▸ What is expected
Before returning the data, strip out the pictures and keep everything else exactly the same.

*** Opening Information provided ***

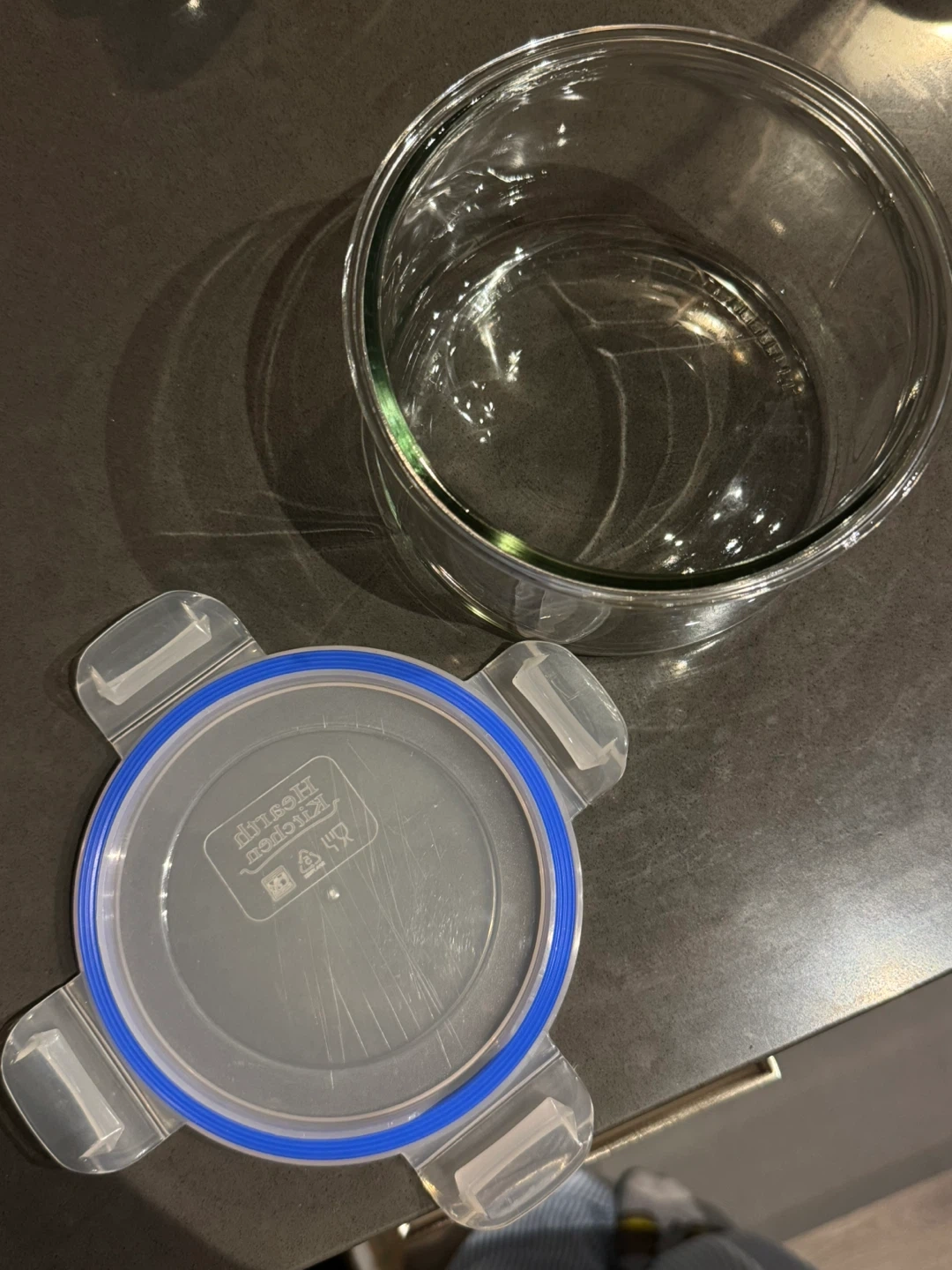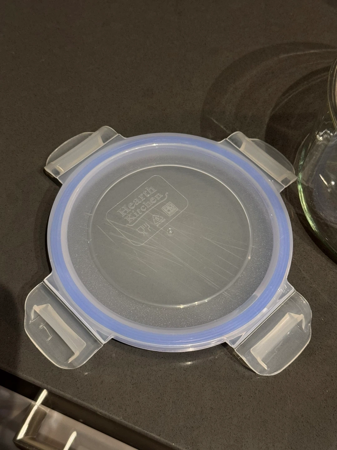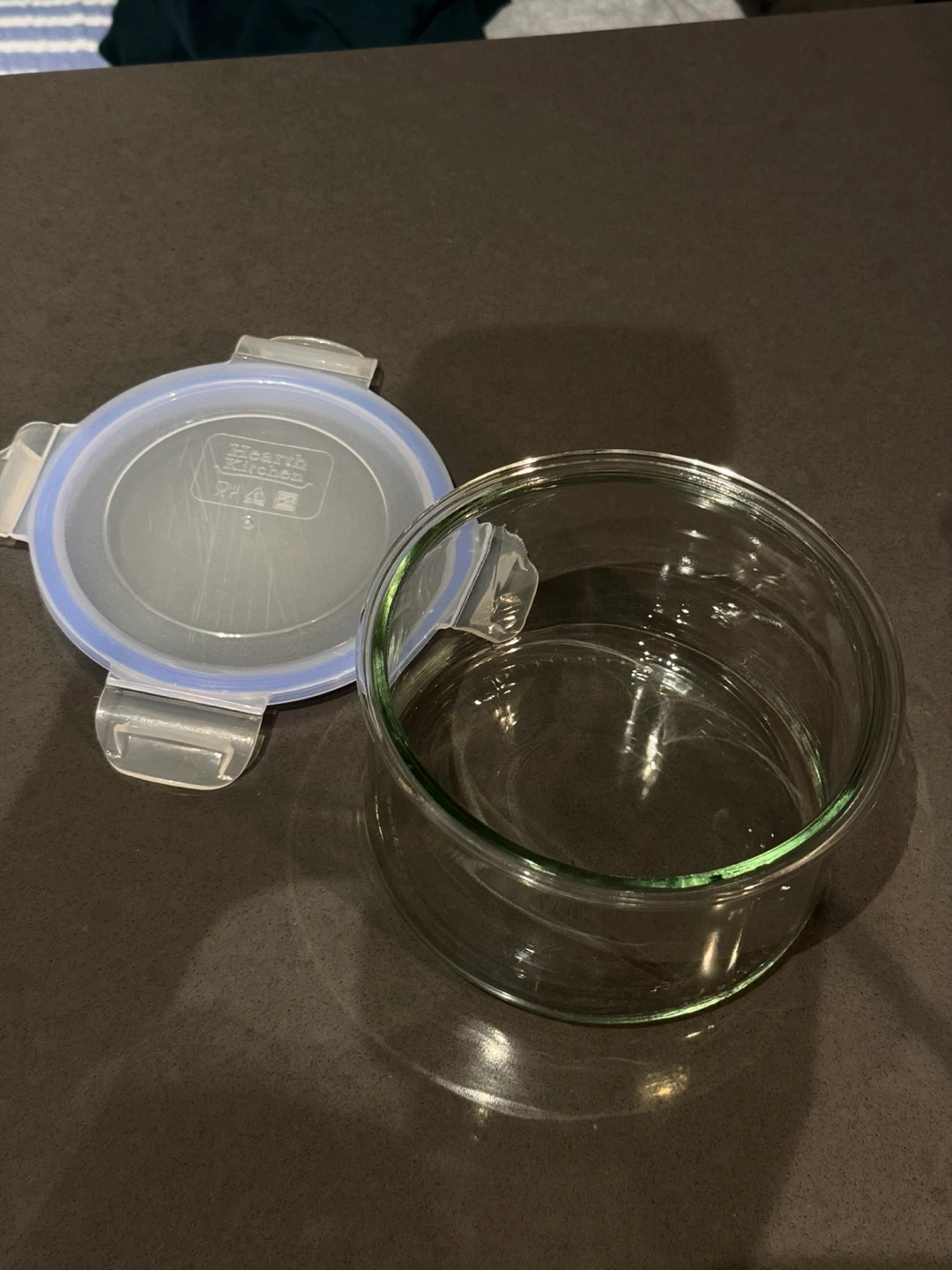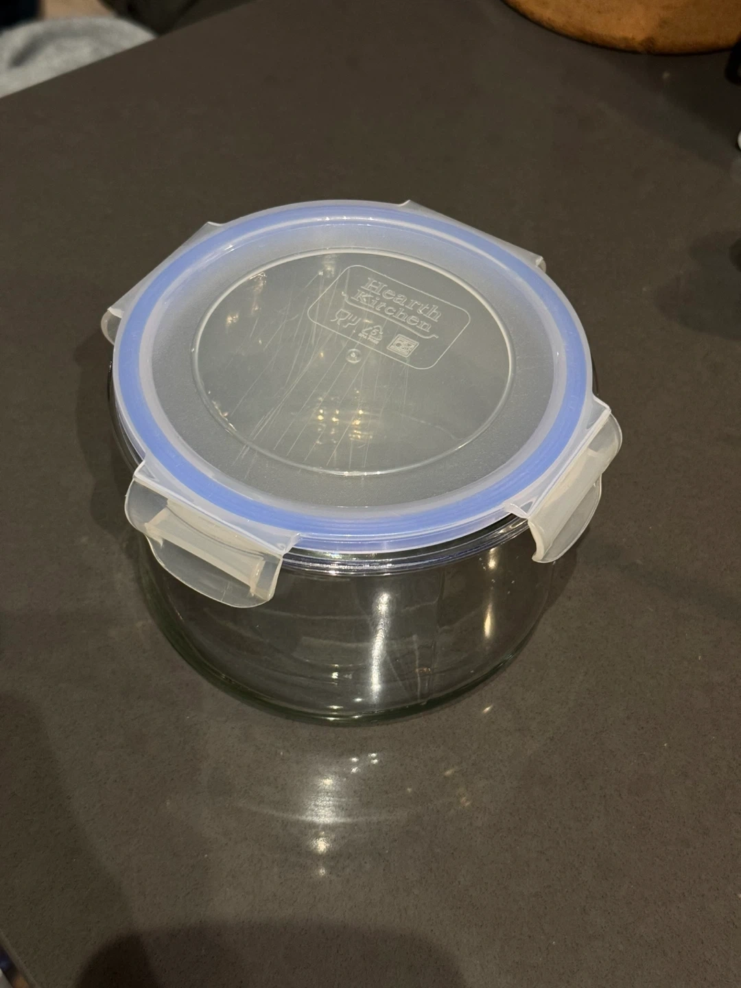 Selling a Hearth & Hand glass food storage container with a blue-rimmed lid! It's in great shape and perfect for storing leftovers or meal prepping Microwave and dishwasher safe
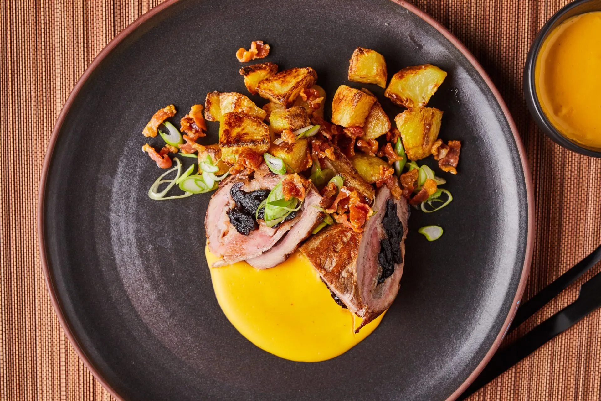 Tálaláskor a tányérra szedünk a sajtmártásból, arra helyezzük a felszeletelt húst, mellé szedünk a sült krumpliból, megszórjuk a pirított baconnel és a karikára vágott újhagymával.
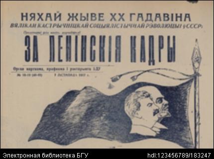 | Заглавие документа: | За ленінскія кадры : орган парткома, прафкома і рэктарыята Беларускага дзяржаўнага універсітэта. - Менск : Друкарня "Звязды". - 1937, №18-19 (48-49) (7 лістапада). - 1000 экз. |

*** Closing Information provided ***

▸ Solution for this exercise
 Selling a Hearth & Hand glass food storage container with a blue-rimmed lid! It's in great shape and perfect for storing leftovers or meal prepping Microwave and dishwasher safe
 Tálaláskor a tányérra szedünk a sajtmártásból, arra helyezzük a felszeletelt húst, mellé szedünk a sült krumpliból, megszórjuk a pirított baconnel és a karikára vágott újhagymával.
 | Заглавие документа: | За ленінскія кадры : орган парткома, прафкома і рэктарыята Беларускага дзяржаўнага універсітэта. - Менск : Друкарня "Звязды". - 1937, №18-19 (48-49) (7 лістапада). - 1000 экз. |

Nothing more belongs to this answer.